Notice one key feature of the chart above. Look at the arrow just below the lower parallel line. This arrow shows that a slight amount of trading “action” took place outside of the equilibrium zone only to quickly reverse course. The message that this chart is beginning to convey is that those traders have become “trapped” selling below the security’s fair value.

Now look at the next chart below.  This is the same security several weeks later. We have added two important pieces of information. This chart shows that the security successfully “re-tested” near the point where the “trap” occurred, and never traded lower. It also shows that price action resumed northward and actually broke an important downward sloping trendline. We have a potential change in trend underway, all “kicked off” by an initial “trap.”  It is at this point that we would buy the security. We have fulfilled three criteria that form the backbone of our security selection process: a trap, a successful re-test and a break of trend in the opposite direction.

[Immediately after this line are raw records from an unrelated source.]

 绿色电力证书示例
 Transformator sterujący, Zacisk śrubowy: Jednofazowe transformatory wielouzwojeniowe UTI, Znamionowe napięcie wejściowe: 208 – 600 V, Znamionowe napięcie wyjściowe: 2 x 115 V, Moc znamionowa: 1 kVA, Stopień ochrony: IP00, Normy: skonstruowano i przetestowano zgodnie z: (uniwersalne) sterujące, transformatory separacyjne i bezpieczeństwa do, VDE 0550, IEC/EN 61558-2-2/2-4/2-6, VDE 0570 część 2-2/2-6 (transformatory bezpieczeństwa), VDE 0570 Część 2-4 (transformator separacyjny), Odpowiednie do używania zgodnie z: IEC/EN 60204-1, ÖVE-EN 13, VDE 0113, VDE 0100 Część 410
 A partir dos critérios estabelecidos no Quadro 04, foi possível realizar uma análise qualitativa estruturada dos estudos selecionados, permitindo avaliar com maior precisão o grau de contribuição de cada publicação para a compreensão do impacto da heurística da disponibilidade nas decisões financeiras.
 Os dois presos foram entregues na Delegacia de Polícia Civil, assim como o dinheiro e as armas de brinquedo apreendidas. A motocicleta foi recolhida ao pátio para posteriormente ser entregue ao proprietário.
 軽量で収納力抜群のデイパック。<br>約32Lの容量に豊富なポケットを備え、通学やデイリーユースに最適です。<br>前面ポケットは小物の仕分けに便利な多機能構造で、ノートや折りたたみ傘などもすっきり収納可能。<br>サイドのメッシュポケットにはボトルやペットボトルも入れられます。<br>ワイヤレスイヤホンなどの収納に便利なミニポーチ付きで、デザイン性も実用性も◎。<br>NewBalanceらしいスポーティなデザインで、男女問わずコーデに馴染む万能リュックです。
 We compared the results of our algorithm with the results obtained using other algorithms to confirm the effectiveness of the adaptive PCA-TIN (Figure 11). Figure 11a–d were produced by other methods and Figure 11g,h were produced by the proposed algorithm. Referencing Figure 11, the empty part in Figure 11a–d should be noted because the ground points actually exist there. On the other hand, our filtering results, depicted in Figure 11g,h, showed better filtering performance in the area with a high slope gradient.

What ensued for the U.S. dollar was quite breathtaking see chart below:




What the above three criteria ensure is that we are not the “first builder on a vacant lot”. We wait for price action to stabilize before buying. We avoid catching the proverbial “falling knife”. This ultimately protects investors from drawdown. We protect you at the security selection level.  We anticipate sellers to become “trapped” out of their positions only to have to buy later at higher prices. This in turn, fuels more buying. We buy as soon as the overall trend changes from negative to positive.



Key Takeaway:

Drawdown is ultimately determined by security selection. It is important to select securities based on cost considerations, and an analysis of the supply and demand of shares directly.